The North Korean nuclear test: What the seismic data says

By Jeffrey Park | May 26, 2009

According to early reports, Monday’s North Korea event certainly seems like a deliberate explosion in the right place. However, it was too small to be a successful Hiroshima-class crude explosive device, by a factor of three or four. The reported estimates of Richter magnitude spread from 4.5-5, and the standard conversions to explosive yield suggest a yield of 2-6 kiloton-equivalents of TNT. Most of the latest Richter magnitude estimates have come in the low half of the 4.5-5 range, so it seems likely that the yield was 4 kilotons or smaller.

That’s a lot of energy, much larger than the 2006 North Korean test, but it still falls far short of an expected 12-20 kiloton yield of a crude Hiroshima-style device. For comparison’s sake, the first nuclear tests of all other nations that are self-announced members of the nuclear club had larger yields than this latest North Korean test.

Because the expected Hiroshima-style explosion didn’t occur, there are four options as to what did happen during the test:

  • the device failed to detonate properly;
  • the device was a higher-tech device designed for smaller yield with less fissile matter (e.g., missile warheads or briefcase bombs);
  • the North Koreans faked a nuclear explosion with conventional explosives;
  • or the North Koreans detonated a larger device in a large cavity to muffle its yield.

The first option is the most likely case given what is publicly known about North Korean diplomacy and technology.

It’s important to realize that nuclear tests in the past 15 years have primarily been demonstrations of power and national will, rather than driven by engineering. The two different kinds of simple bombs are uranium 235-based and plutonium-based. The United States used one bomb of each type on Japan in the closing months of World War II, with roughly similar explosive yields. The technology for a uranium 235 bomb is so simple, relatively speaking, that such a device need not be tested. To wit, the United States dropped the uranium 235 Hiroshima bomb without testing its design in a controlled detonation. Conversely, building a plutonium-based bomb represents a technical challenge because the critical mass can blow apart in a split second before the detonation reaches max efficiency. Once U.S. weapon designers confirmed the trickier detonation scheme of a plutonium device in the famous Trinity Test in 1945, confidence in the simpler uranium 235 detonation design seemed justified.

The technology for making the raw material for each device differs. Uranium 235 must be separated from the heavier isotope uranium 238 to make a bomb, so a country that buys or builds high-tech centrifuges is investing in those types of bombs. The term “enriched uranium” refers to uranium metal with an increase of the 235 isotope that’s sufficient to allow an explosive chain reaction to occur. (Complete separation of the two isotopes is neither feasible nor necessary to create a weapon.) Plutonium comes from nuclear reactor waste, many stockpiles of which North Korea possesses. In other words, North Korea is attempting to make the trickier of the two devices. When arms control experts estimate North Korea to have a nuclear stockpile of 6-8 weapons, they are converting the likely amount of reactor waste that the country has produced into plutonium bombs of the World War II-era design.
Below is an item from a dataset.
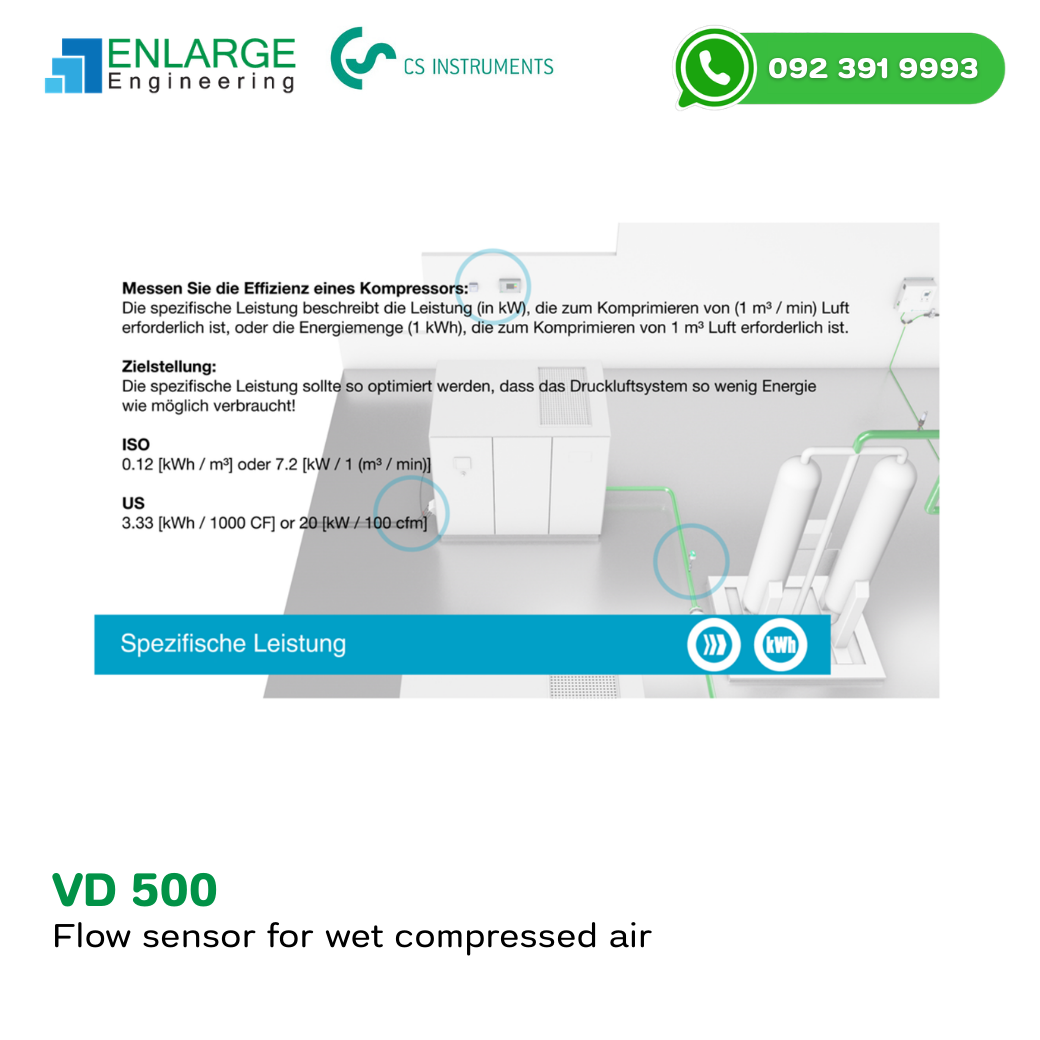 VD 500 Flow Meter จาก CS Instruments คือเครื่องมือวัดอัตราการไหลของลมอัด (Compressed Air Flow Meter) ที่ออกแบบมาสำหรับการวัดค่า FAD (Free Air Delivery) อย่างแม่นยำ ช่วยให้โรงงานสามารถวิเคราะห์การใช้พลังงาน ตรวจสอบการรั่วไหล และเพิ่มประสิทธิภาพระบบลมอัดได้อย่างมีประสิทธิผล

When the device is built correctly (the earliest technology used a sphere with precisely timed explosions to press an array of small plutonium masses into one critical mass), the yield is 10-20 kilotons. It’s unlikely that North Korea has skipped this step and gone on to more sophisticated designs that involve other elements (for instance, tritium) to generate a smaller yield from a smaller plutonium mass. China didn’t. Its tests grew in size and sophistication in the 1980s and 1990s until Beijing induced seismic events that registered higher than 6 on the Richter scale. Then they stopped. Thus, I would rule out option number two.

Option number three also seems unlikely. The 2006 test was never proven to be fake, and more largely, there’s no reason for Pyonyang to fake a test if it could at least attempt a real nuclear detonation. Nor has any world leader ever publicly called out North Korea for executing a failed or fake test in 2006; such a response probably would have pushed Pyongyang to attempt a second test much more quickly. It’s the same reason why the United States and Europe–despite seismic data to the contrary–didn’t call India’s thermonuclear bluff in 1998; they wanted to reduce tensions, not raise them.

The last option–detonation in a cavity–makes no sense at all. The common assumption behind the Comprehensive Test Ban Treaty is that countries would attempt to evade detection. But in the twenty-first century, what good is a nuclear weapon if it can’t be used to openly check adversaries? Plus, a country doesn’t even need a military useful device to do so. With cable news, the ability to detonate something fissionable does the trick–at least in a political sense.

So my guess is that North Korea tried and failed to get a simple plutonium bomb to detonate correctly. Make no mistake–an inefficient nuclear weapon is nothing to dismiss. Even at the low end of its estimated yield (2 kilotons), the May 25 test released as much or more explosive energy than the largest conventional-explosive air raids during World War II. But one should be mindful of the technical challenges North Korea still faces in carrying out the threats implied by its deliberate pairing of its explosive test with test missile launches.